## Saved data entries

################

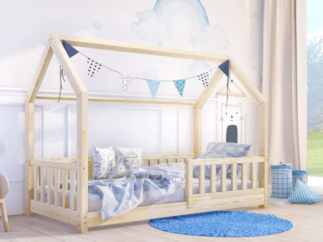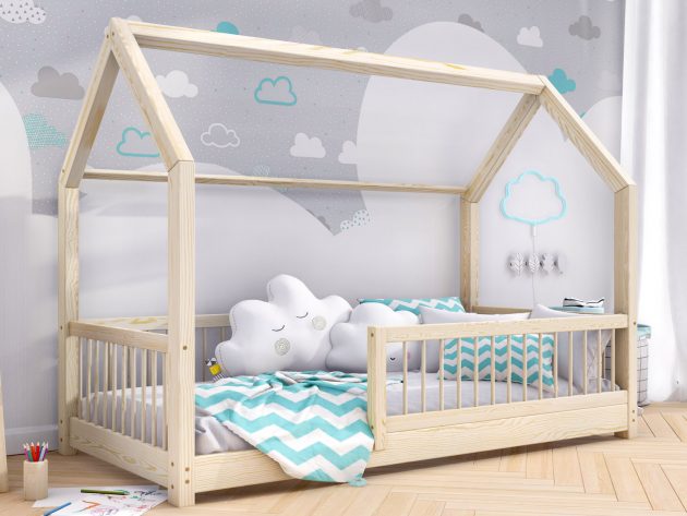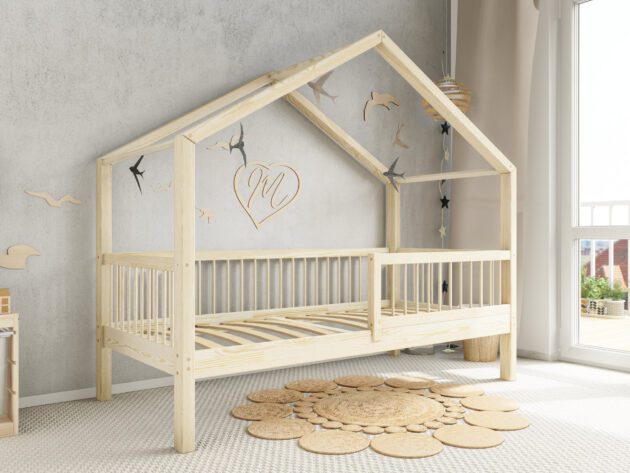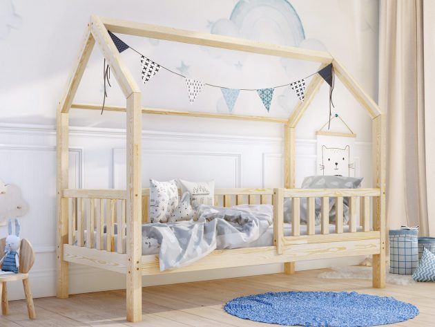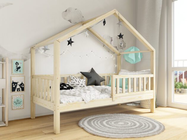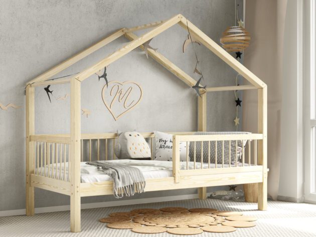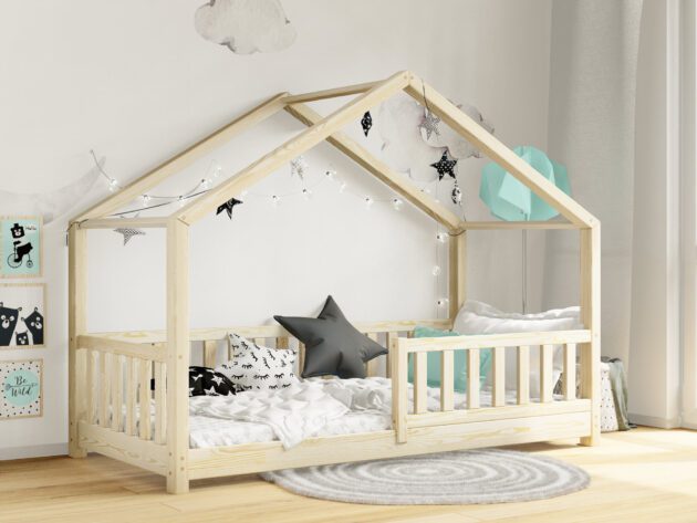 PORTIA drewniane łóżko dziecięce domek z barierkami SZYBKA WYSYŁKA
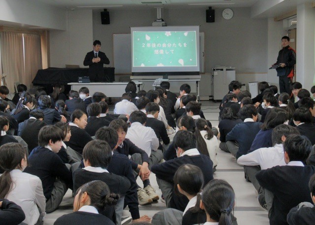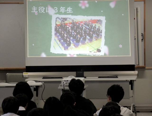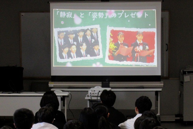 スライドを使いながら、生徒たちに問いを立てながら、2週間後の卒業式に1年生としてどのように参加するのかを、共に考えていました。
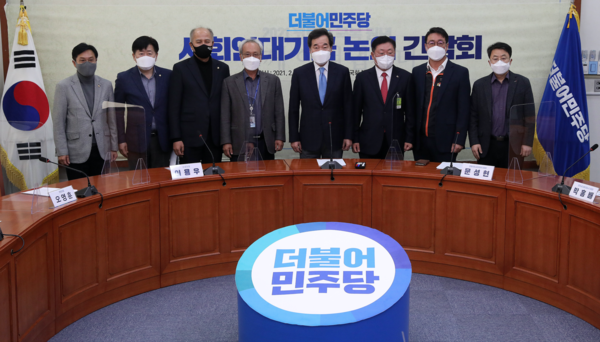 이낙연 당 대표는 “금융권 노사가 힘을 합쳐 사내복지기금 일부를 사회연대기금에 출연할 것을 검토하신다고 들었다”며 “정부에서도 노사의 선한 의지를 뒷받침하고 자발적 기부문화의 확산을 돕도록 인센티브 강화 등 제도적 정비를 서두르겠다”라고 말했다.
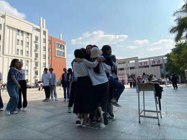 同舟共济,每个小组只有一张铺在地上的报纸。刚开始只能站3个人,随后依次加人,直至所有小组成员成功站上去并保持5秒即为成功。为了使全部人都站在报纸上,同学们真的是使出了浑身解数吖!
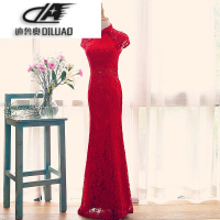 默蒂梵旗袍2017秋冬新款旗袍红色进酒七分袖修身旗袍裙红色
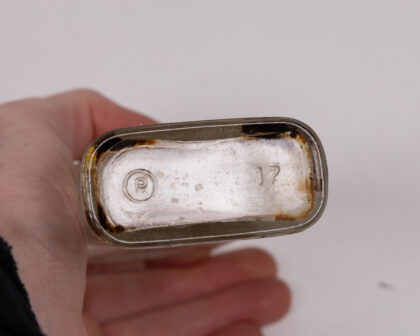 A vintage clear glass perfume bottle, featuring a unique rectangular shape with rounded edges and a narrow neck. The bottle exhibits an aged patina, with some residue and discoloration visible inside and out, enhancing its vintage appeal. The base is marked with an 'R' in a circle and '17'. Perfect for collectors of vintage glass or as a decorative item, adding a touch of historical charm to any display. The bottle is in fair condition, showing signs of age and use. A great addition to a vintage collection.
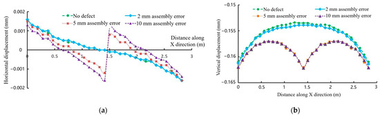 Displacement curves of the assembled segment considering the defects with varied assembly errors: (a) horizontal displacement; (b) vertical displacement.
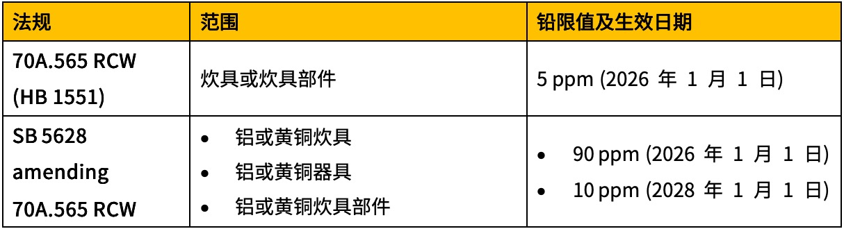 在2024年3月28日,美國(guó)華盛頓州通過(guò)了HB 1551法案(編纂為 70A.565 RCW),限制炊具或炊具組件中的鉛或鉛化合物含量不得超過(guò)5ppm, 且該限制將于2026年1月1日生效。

################

If a line comes after the line with "默蒂梵旗袍2017秋冬新款旗袍红色进酒七分袖修身旗袍裙红色", it stays out; print exactly every line from the start of the entries up to and including that line, but no pictures.

## Response area
 PORTIA drewniane łóżko dziecięce domek z barierkami SZYBKA WYSYŁKA
 スライドを使いながら、生徒たちに問いを立てながら、2週間後の卒業式に1年生としてどのように参加するのかを、共に考えていました。
 이낙연 당 대표는 “금융권 노사가 힘을 합쳐 사내복지기금 일부를 사회연대기금에 출연할 것을 검토하신다고 들었다”며 “정부에서도 노사의 선한 의지를 뒷받침하고 자발적 기부문화의 확산을 돕도록 인센티브 강화 등 제도적 정비를 서두르겠다”라고 말했다.
 同舟共济,每个小组只有一张铺在地上的报纸。刚开始只能站3个人,随后依次加人,直至所有小组成员成功站上去并保持5秒即为成功。为了使全部人都站在报纸上,同学们真的是使出了浑身解数吖!
 默蒂梵旗袍2017秋冬新款旗袍红色进酒七分袖修身旗袍裙红色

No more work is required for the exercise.